Na szubienicy zawisł Haman - świętujmy Purim!
Fot: E. Sadowska
Haman, Estera i Mordechaj. W synagdze w Tykocinie widzowie zaimprowizowali purimowy happening

Jak Estera uchroniła Żydów przed zagładą
Estera była żoną perskiego władcy Kserksesa. Wychował ją znienawidzony przez ministra Hamana, Żyd Mardocheusz. By się go pozbyć, Haman wmówił władcy istnienie zagrożenia ze strony jego izraelskich poddanych, co spowodowało wydanie dekretu nakazującego zagładę Żydów w królestwie. Od tragedii uchroniła ich Estera - namówiła męża, by anulował rozporządzenie i przyzwolił na odwet na prześladowcach. W konsekwencji Haman i jego dziesięciu synów zawiśli na szubienicach.

Fragment starożytnej historii czy legenda?
Opowiadanie o Esterze opiera się na faktach i realiach autentycznych, lecz ich zestawienie jest dowolne. W 538 r. p.n.e. upadł Babilon a tereny historycznej Mezopotamii znalazły się pod panowaniem perskim. Od 485 r. p.n.e. władcą tego imperium był Kserkses.

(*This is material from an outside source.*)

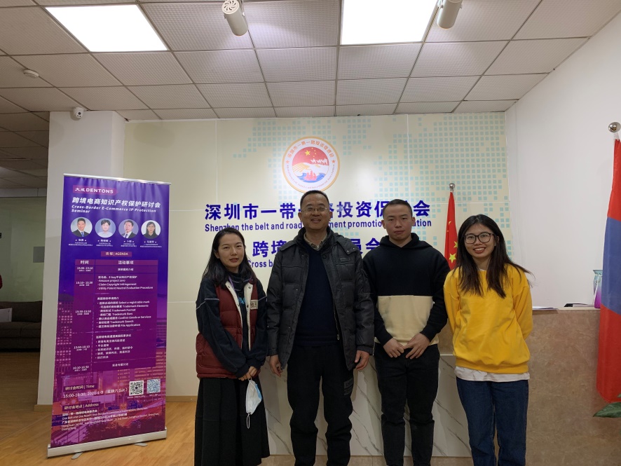 1月9日下午,3044AM永利集团知识产权学院龚红兵主任带领学生林学海、王微微、杜翔燕、黎思思、杨靖雯参加由大成律师事务所深圳办公室以及联合深圳一带一路跨境电商委员会举办的“跨境电商知识产权保护研讨会”主题活动。出席此次会议主讲嘉宾有美国芝加哥肯特法学院法学硕士张勇、英国杜伦大学法学硕士陈裕敏、美国代顿大学法学博士卜韬以及广东商达律师事务所资深律师马淑芳代为主持人。

Jego czasy są jednak stosunkowo słabo udokumentowane, stąd trudno mówić czy historia jest prawdziwa (np. nigdzie, oprócz Biblii nie wymienia się jako królowej Estery). Jak tłumaczy Waldemar Tyszuk, wiele wskazuje na legendarny charakter historii.
Chociaż tradycja chce, by Purim obchodzono na pamiątkę uniknięcia zagłady, to naukowcy sugerują, że było odwrotnie - historia Hamana miała usankcjonować babilońskie święto. Babilończycy celebrowali tradycję rzucania losów przez ich bóstwa (purim znaczy los), a Żydzi zaadoptowali ją na swoje potrzeby.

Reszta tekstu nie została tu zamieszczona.